Enda gave him a thoughtful look. "Well, why not? We know that the Concord has evinced interest in your movements… if only through your friend Lorand Kharls." Gabriel snorted at the word "friend." "Yes," Enda continued, "well, we know he has some interest in using you as a—'stalking horse,' your phrase was? Though from what you told me of your conversation with him, he was not forthcoming about what he was stalking." Enda pulled down one of the chairs and sat in it. "He could not come into this part of space without attracting considerable attention. So he has sent someone to keep an eye on you." "Seems likely. The question is, who's the other one?" They looked at each other. "VoidCorp," Gabriel said.
"You would not have many friends in that camp," Enda said. "Nor would I. Nor Helm, not after Thalaassa. Even Delde Sota might have crossed paths with them. She was cautious enough about the possibility that they were monitoring her medical facility back on Iphus." She sighed. "Now all we must do is discover which of these people is working for which side."
"And do what then?" Gabriel could imagine what Helm would suggest. "Besides feed them disinformation."
"All we can," Enda said, "keeping the information as mutually contradictory as possible. Indeed, it might be wise to find some way to split away from Helm and Delde Sota, so we can see which operative follows who where." She smiled, a wicked look.
"I don't know if Helm's going to be wild about letting us go off on our own," Gabriel said. "If we have no load to take back to Grith, that might change," said Enda. "Meanwhile we must let Helm and Delde Sota know about this. We should go into town again, seeing and being seen. If we see our spies, we should make common cause with them as fellow visitors. Buy them a drink and hear their lies so that we may more carefully shape our own."
The lift chimed. Enda moved to the lift column and touched the "allow" panel.
"What would you know about lies?" Gabriel said. "A nice respectable fraal like you…"
"Only that, in life as in marketing, they have their place," Enda said. "Though you must be willing to pay the price afterwards."
The four of them went to lunch at the community center but didn't see the two people they wanted to see.
Instead, they had to console themselves with another meal of astonishing quality. Gabriel was amazed, for in his marine days he had eaten on much richer and well-visited planets, but rarely as well as he was doing here.
"It's not just the vegetables," he said to Delde Sota as they fought over the last few spoonfuls of something brown but ineluctably delicious. "Oraan is a genius."
Gabriel managed to come up with a second spoon to get the last of whatever was in the bowl, but Delde Sota's braid came up and took it neatly out of his hand and held it out of reach. The braid had brushed Gabriel's hand in passing.
Now, amid Enda and Helm's laughter, Delde Sota said quietly, "Query: adjusted electrolyte balance recently?"

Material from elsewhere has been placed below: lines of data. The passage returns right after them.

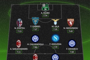 中场:萨勒马科尔斯(米兰)、恰尔汗奥卢(国米)、安古伊萨(那不勒斯)、迪马尔科(国米)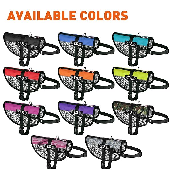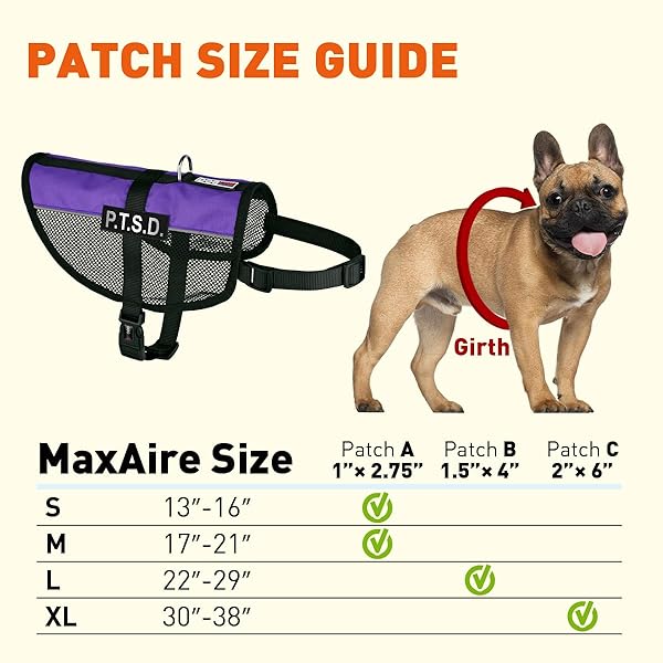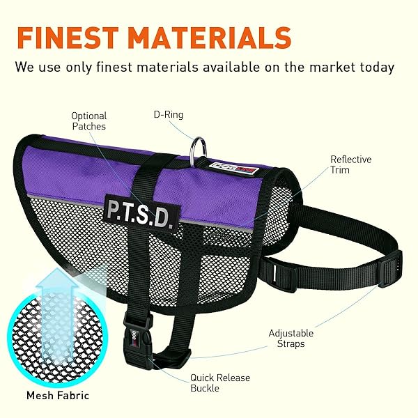 - Dogline MaxAire Mesh Vest for Dogs and 2 Removable PTSD Patches, 17"-21", Purple offers reliable performance and quality- One of the lightest multi-purpose animal vests on the market; ideal for warm climates- Removable/Interchangeable P.T.S.D. patches included for both sides of the vest- Available in 4 sizes and 8 colors- Adjustable front and underbelly straps; easy to take off with quick release buckle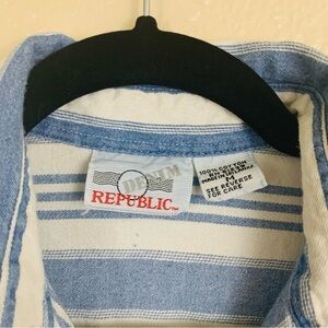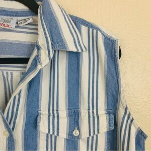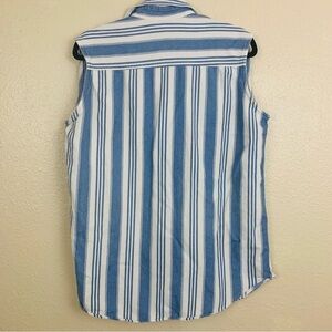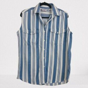 Vintage 1990s Blue White Striped Sleeveless Button Down Shirt Size Medium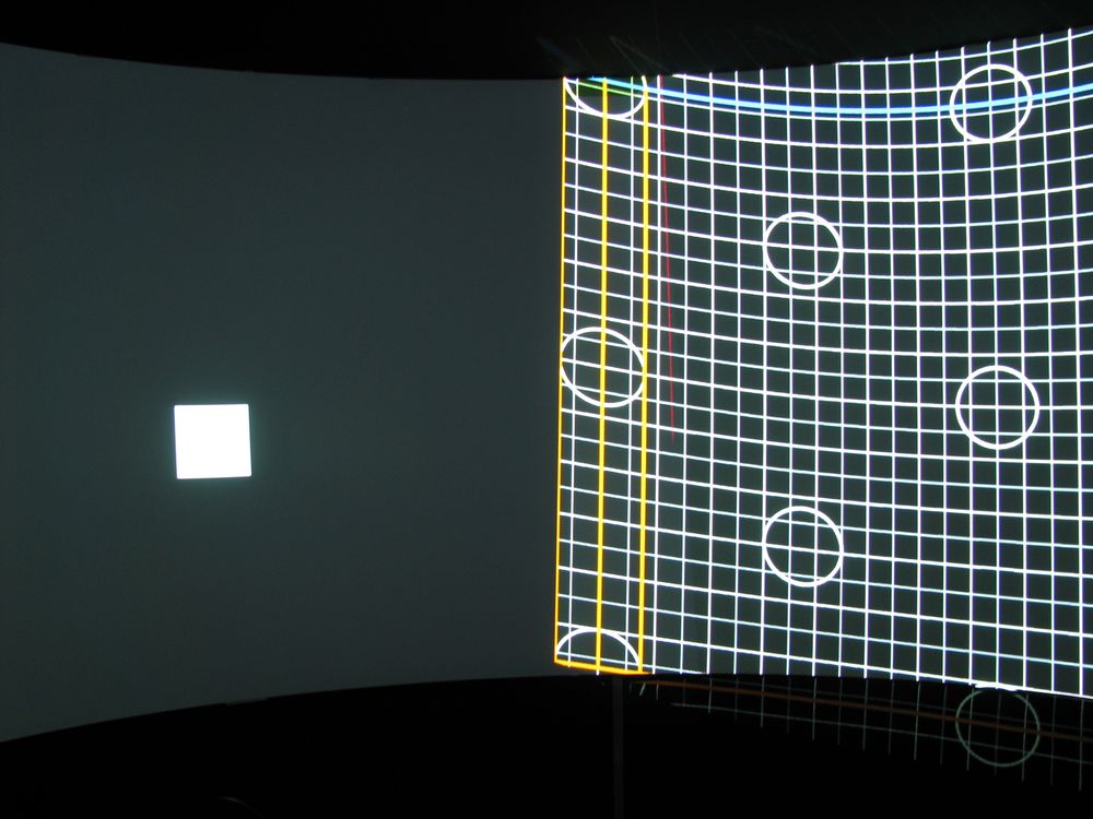 Это настройка геометрии изображений, Брент (американский специалист) разметил зоны с помощью рулетки, и по лазерному уровню выставил идеальные вертикали.

Gabriel, confused, looked at her. She ate the last spoonful of sauce and put the spoon down. "Analysis: body electrolytes are out of kilter," she said. "Just stress. ."
Delde Sota shook her head. "Negation: not the kind of shifts that are stress-related. Diet changes?" "Not until we got here. I've rarely eaten so many things that I didn't know what they were. Not even on a marine transport".
Delde Sota looked wry as she said, "Intention: to run full enzyme/endocrine series on you. Premature gray in family history?"